Task objective —
From top to bottom, retype the data exactly, passing over any picture.
BEGIN Source data
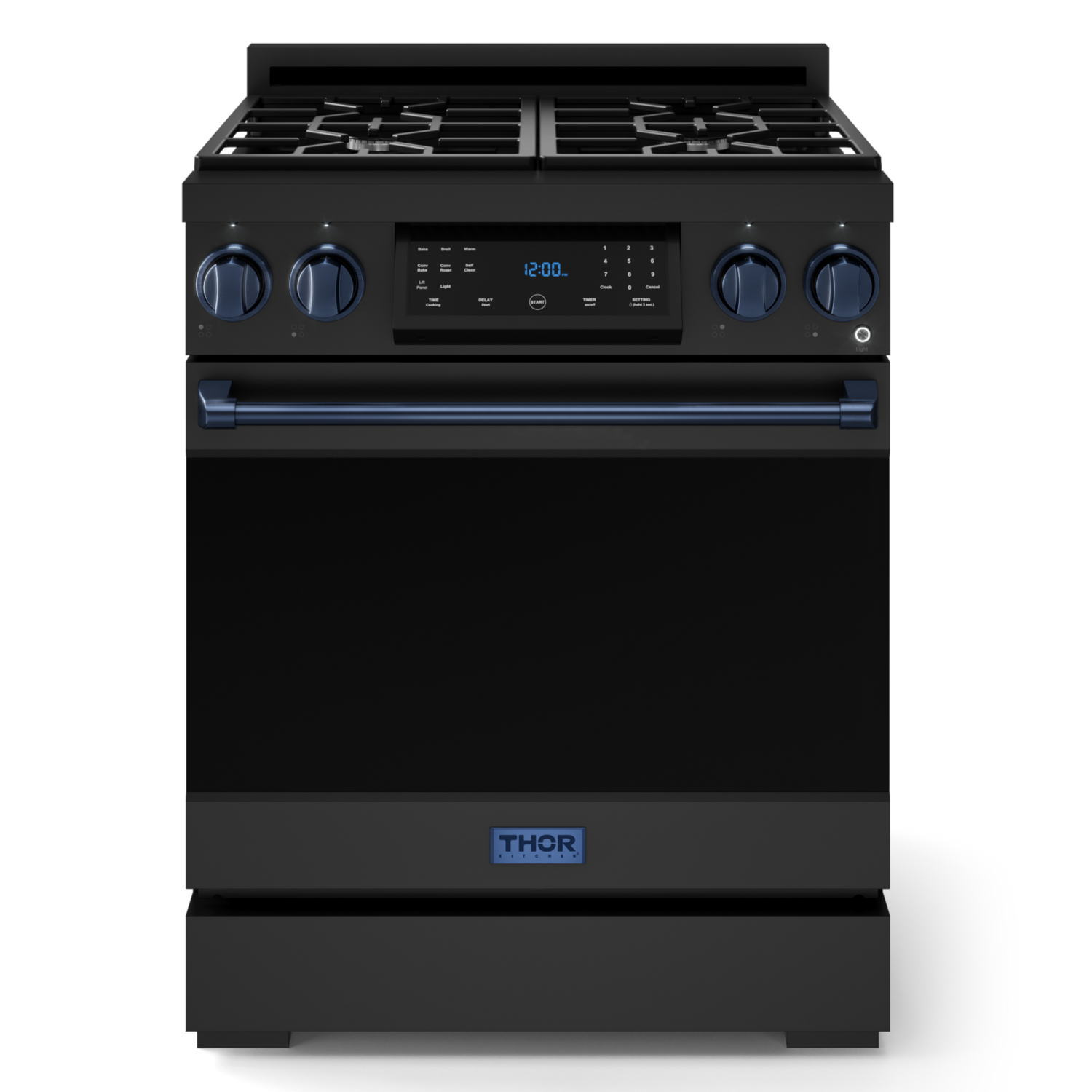 Gordon Ramsay by THOR Kitchen 30" 4.55 cu. ft. Professional Propane Gas Range with Tilt Panel Touch Control and Self-Clean in Matte Black with Navy Blue Accents, RSG30BLP-BLU
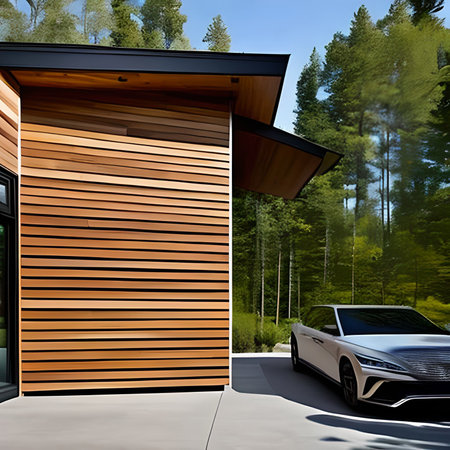 Luxury electric car charging in the driveway of a contemporary home, featuring a blend of glass and wood materials. The low-angle view highlights the sleek design of both the car and the modern architecture as dawn light accentuates the clean lines and open-concept style.
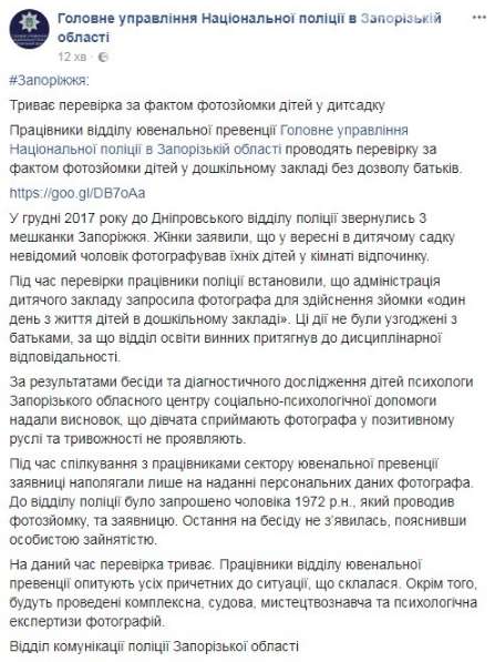 Сегодня, 27 января, пресс-служба запорожской областной полиции на своей странице в Фейсбук написала, что правоохранители проводят проверку.
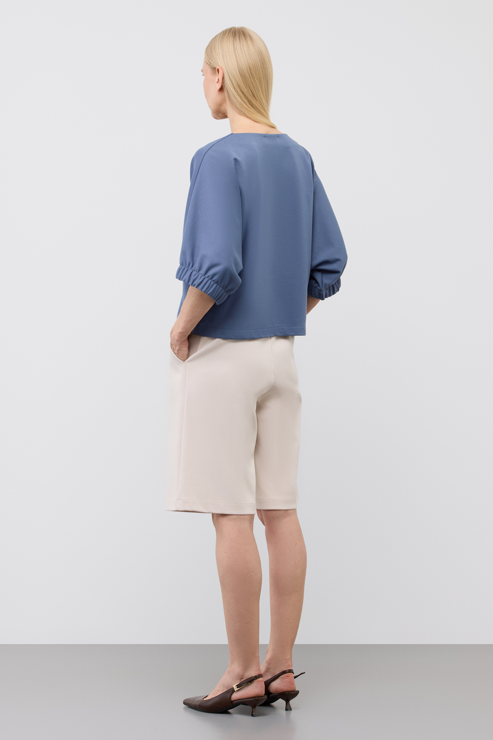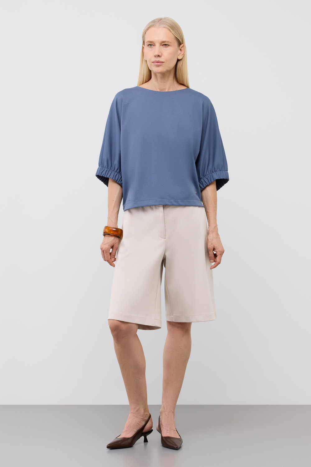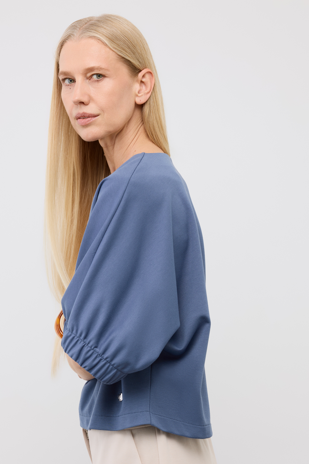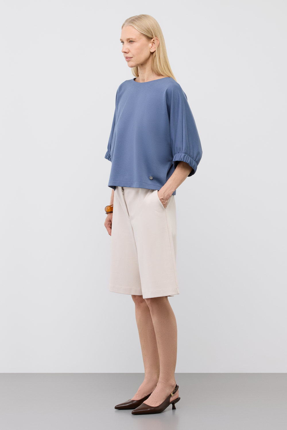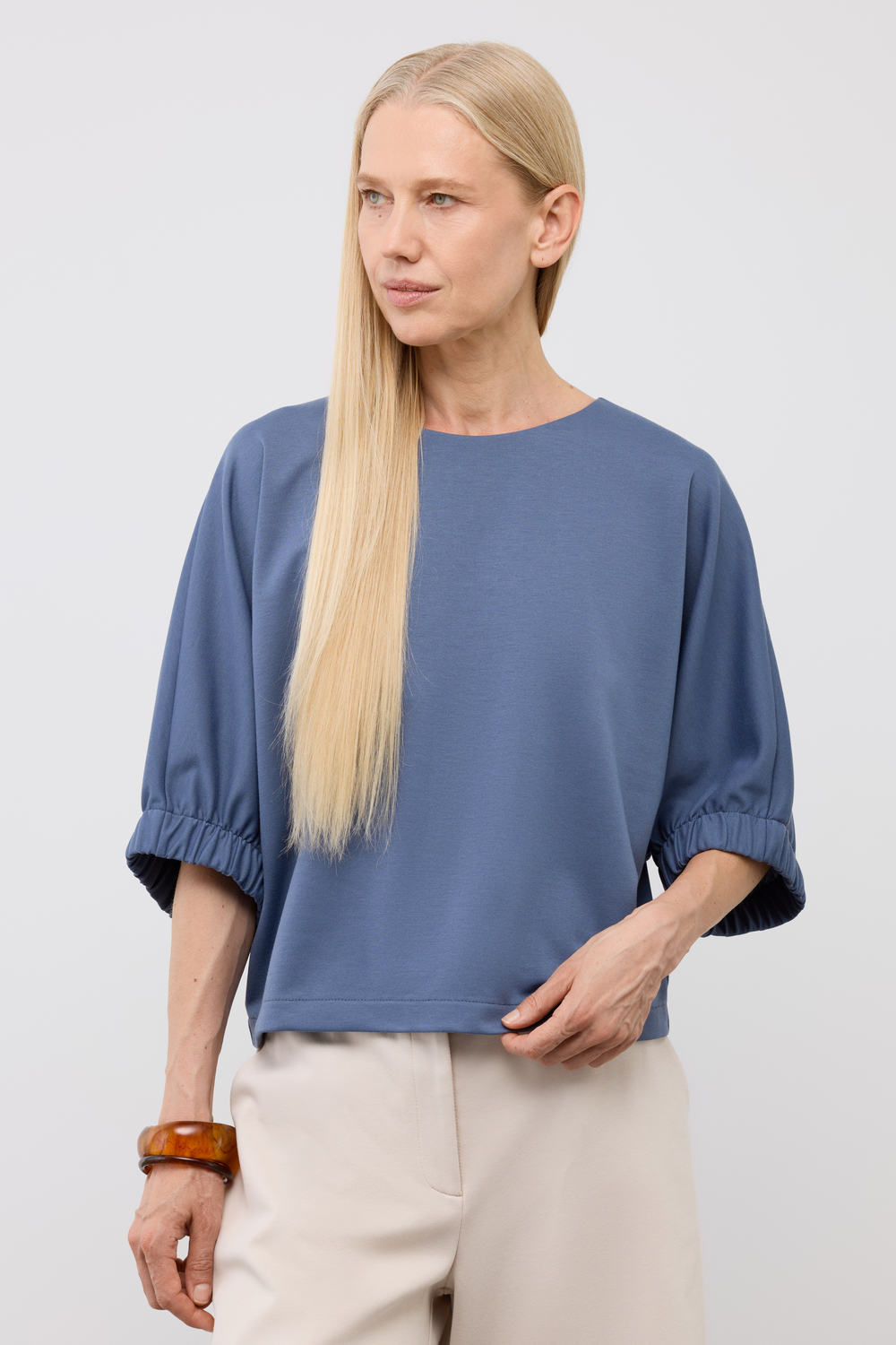 Джемпер из премиального хлопка. Объемные укороченные рукава придают образу расслабленность и легкость, позволяя сочетать его как в повседневных, так и в более элегантных образах.
END Source data
Response area —
 Gordon Ramsay by THOR Kitchen 30" 4.55 cu. ft. Professional Propane Gas Range with Tilt Panel Touch Control and Self-Clean in Matte Black with Navy Blue Accents, RSG30BLP-BLU
 Luxury electric car charging in the driveway of a contemporary home, featuring a blend of glass and wood materials. The low-angle view highlights the sleek design of both the car and the modern architecture as dawn light accentuates the clean lines and open-concept style.
 Сегодня, 27 января, пресс-служба запорожской областной полиции на своей странице в Фейсбук написала, что правоохранители проводят проверку.
 Джемпер из премиального хлопка. Объемные укороченные рукава придают образу расслабленность и легкость, позволяя сочетать его как в повседневных, так и в более элегантных образах.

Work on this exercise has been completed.